If the sequence number of the message is higher than the expected sequence number, the message is queued -- it is not yet passed up to the application. The reason is that one or more earlier messages from the same sender have yet to arrive.
Once the expected message has arrived, the queue is check. This queue is probably maintained as a priority queue sorted by sequence number. Messages are dequeued and passed up to the application until the queue is empty, or the next message in the queue is not the "expected message".
Below is an example of this protocol at work:

Casual Ordering Multicast Protocol

We ensure that messages are delivered without causality violations as we did before -- by buffering messages that arrive too early. We determine if a message has arrived too early using a vector timestamp similiar to the one we used to detect causality violations.
The key observation is that with a multicast protocol, all hosts within the group should (eventually) see the same messages. As a consequence, each host should see the same number of messages from each other host.
So, our vector contains one entry for each host. This entry counts the total number of messages received from the corresponding host. The entry for a host that corresponds to itself is used to count the messages it has sent.
Each host sends a copy of its vector with each message and compare the sender's vector with its own on receive:

If any entry in the sender's vector, that was sent as a "timestamp" with the multicast message is greater than the corresponding entry in the receiver's local copy fo the vector, the receiver buffers the message. This is because the sender has received a message, whcih is potentially causally related to the message it subsequently sent, that the reciever has not yet received. If the incoming message were passed up to the application, a causality violation might result.
If the sender's entry in the message's timestamp is more than one greater than the sender's entry in the local time vector, the message is also buffered. This ensures that the protocol ensures FIFO ordering.
If the sender's entry in the messages timestamp is less than the sender's entry in the local timestamp, the message is rejected -- it is a duplicate.
If none of the above are true, the message is accepted. Accepting a message offers the opportunity to dequeue previously enqueued messages, if they can now be accepted.

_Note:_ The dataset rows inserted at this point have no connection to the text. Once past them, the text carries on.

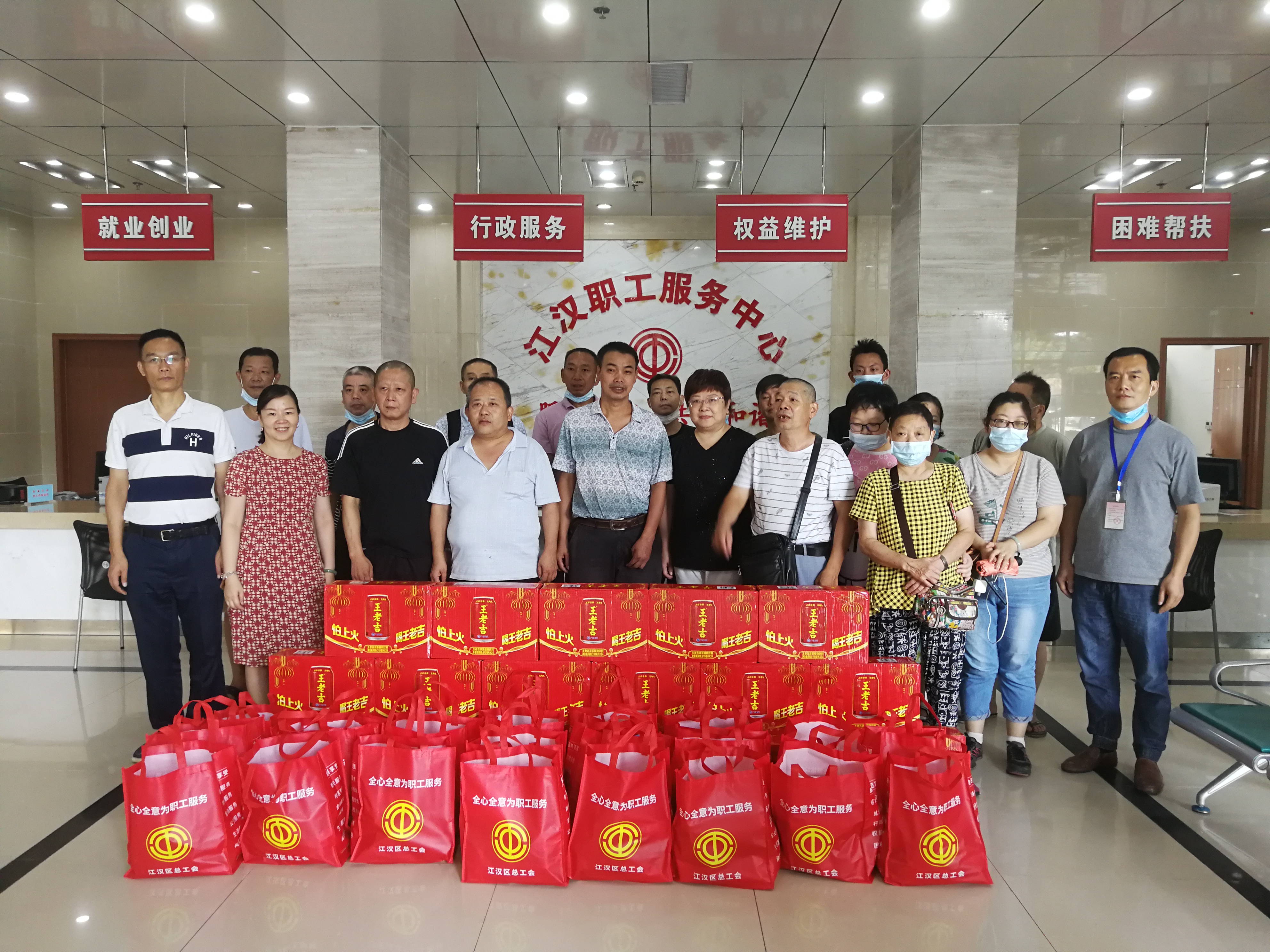 慰问组为区属12个“爱心驿站”配送矿泉水、酸梅膏、免洗手消毒液等1万余元物资,实地走访位于汉兴街、唐家墩、汉口火车站的3个爱心驿站,调研“爱心驿站”运转情况,收集“爱心驿站”现有软硬件配置在日常使用中的效果,力求贴近职工需求,解决实际困难。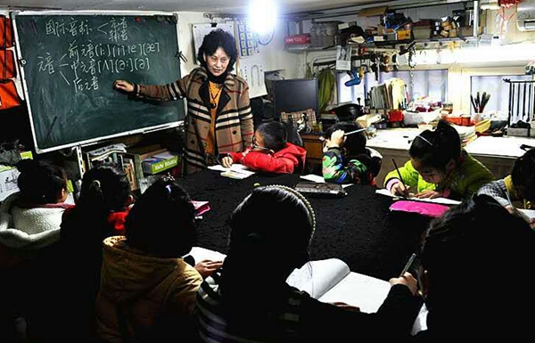 雨花台中学高级教师肖长苏老师为宣和书画班小朋友教国际音标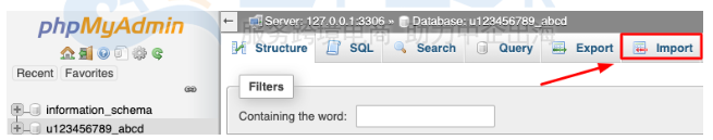 在phpMyAdmin上,默认情况下会选择您的数据库,所以您需先单击Import导入按钮。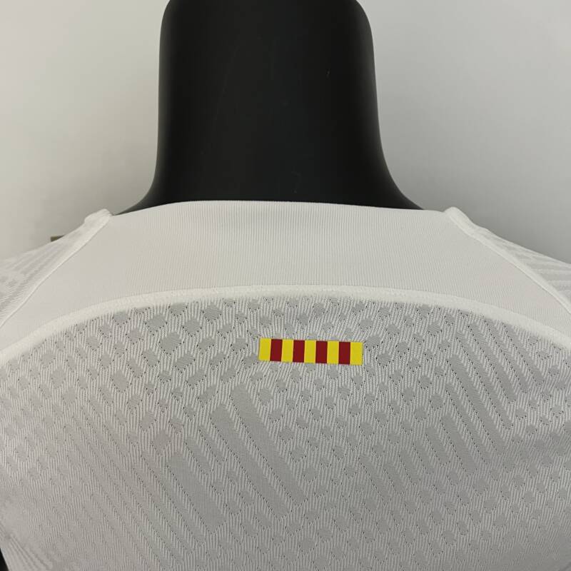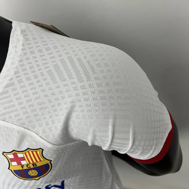 Esta prenda es una verdadera obra de arte. La combinación de los colores del FC Barcelona en una camiseta blanca es impresionante y da una sensación de elegancia y sofisticación. La camiseta cuenta con detalles en azul y granate en las mangas, lo que le da un toque especial. Además, cuenta con el escudo, el logo de la marca en el pecho y su patrocinador que son los detalles perfectos para los seguidores más fieles del equipo.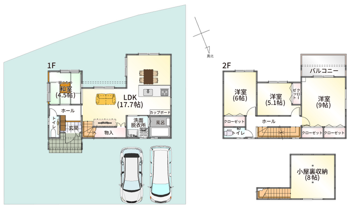 | 完成予定日 | 2号地5号地2022年12月 3号地2022年3月 | 引き渡し可能年月 | 2号地3号地5号地即引渡可 |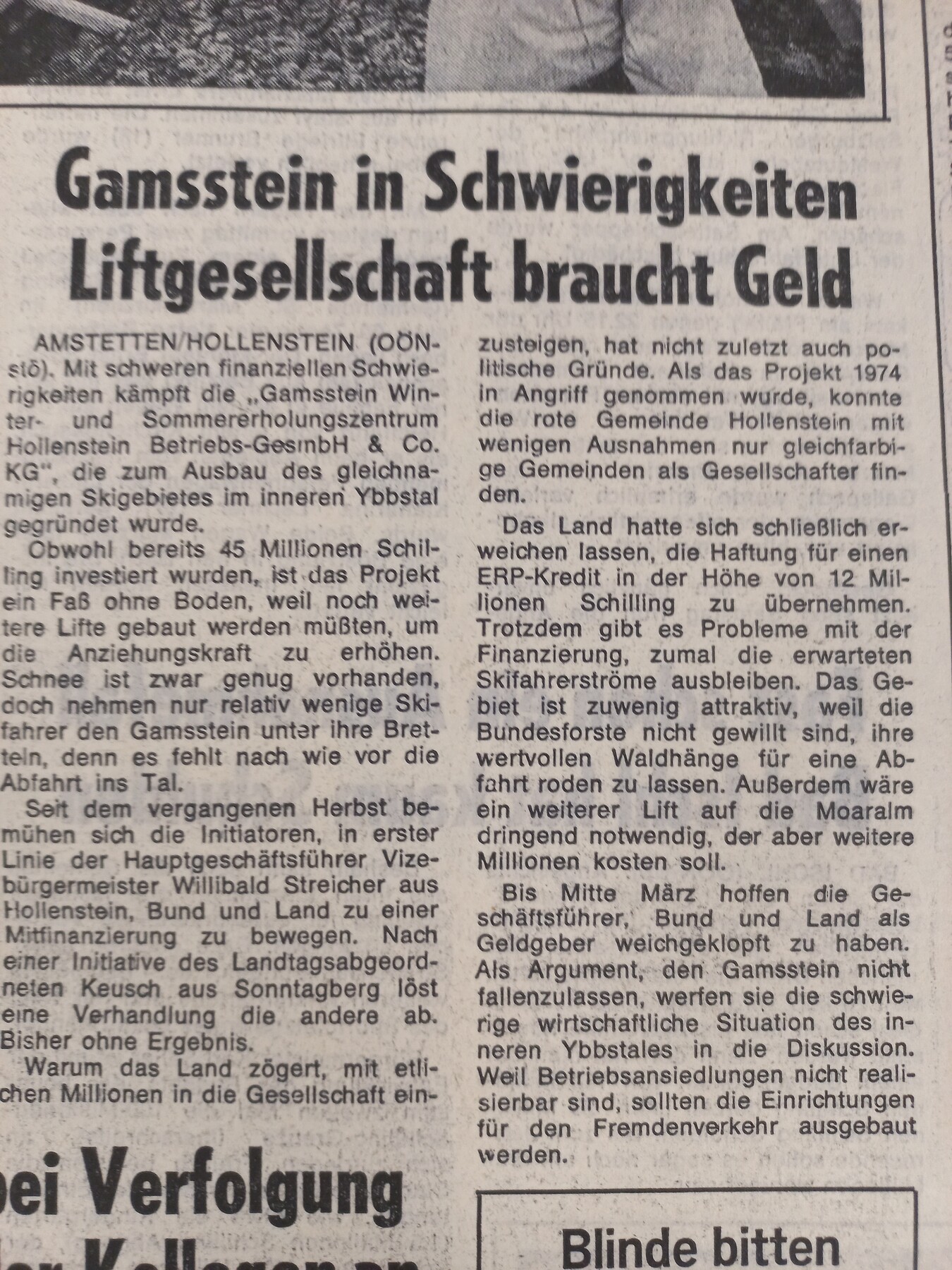 Bürgermeister des Bezirkes Amstetten unter Vorsitz des seinerzeitigen Nationalrates Bürgermeister Pölz aus Amstetten die Erschließung des Gamssteines in Hollenstein an der Ybbs beraten, da Verhandlungen im Jahre 1968 mit der Generaldirektion der Österreichischen Bundesforste gescheitert waren.

Below is an example of the causal ordered mutlicast protocol:

Total Order Multicast

Total ordering requires that all messages are seen by all hosts in the same order. This could be easily achieved if we had a global clock or counter that could place serial numbers on messages. Then multicasts would just be accepted in order of serial number, and buffering could be used to handle missing messages. Some sytems emulate this approach using a central sequence number server.
For now, we'll consider a distributed approach that can function in light of differing local times (serial numbers), called the two-phase multicast. In this approach, local times are used. The local time is incremented any time an operation is performed. Any time a system discovers that another system has a greater time, it resets its own time to the greater time.
Here's how it works:

The local time is incremented. The message is sent containing the local time.
The receiver buffers the message. It then sets its local time to the time of the sender, if the sender's time is higher. increments its local time, and sends an ACK that contains the local time.
The receiver waits until it has received all of the replies. It then determines the highest local time among the ACKS, and resets its clock, if necessary. It increments its clock and sends a message to all of the original recipients containing the "commit time." This is the time at which the recipient considers the message to have been received.
Applications on the recipient host can see the message only after all messages received between the "acknowledgement" and "committment" of the message have been committed. This ensures that they won't receive earlier committment times.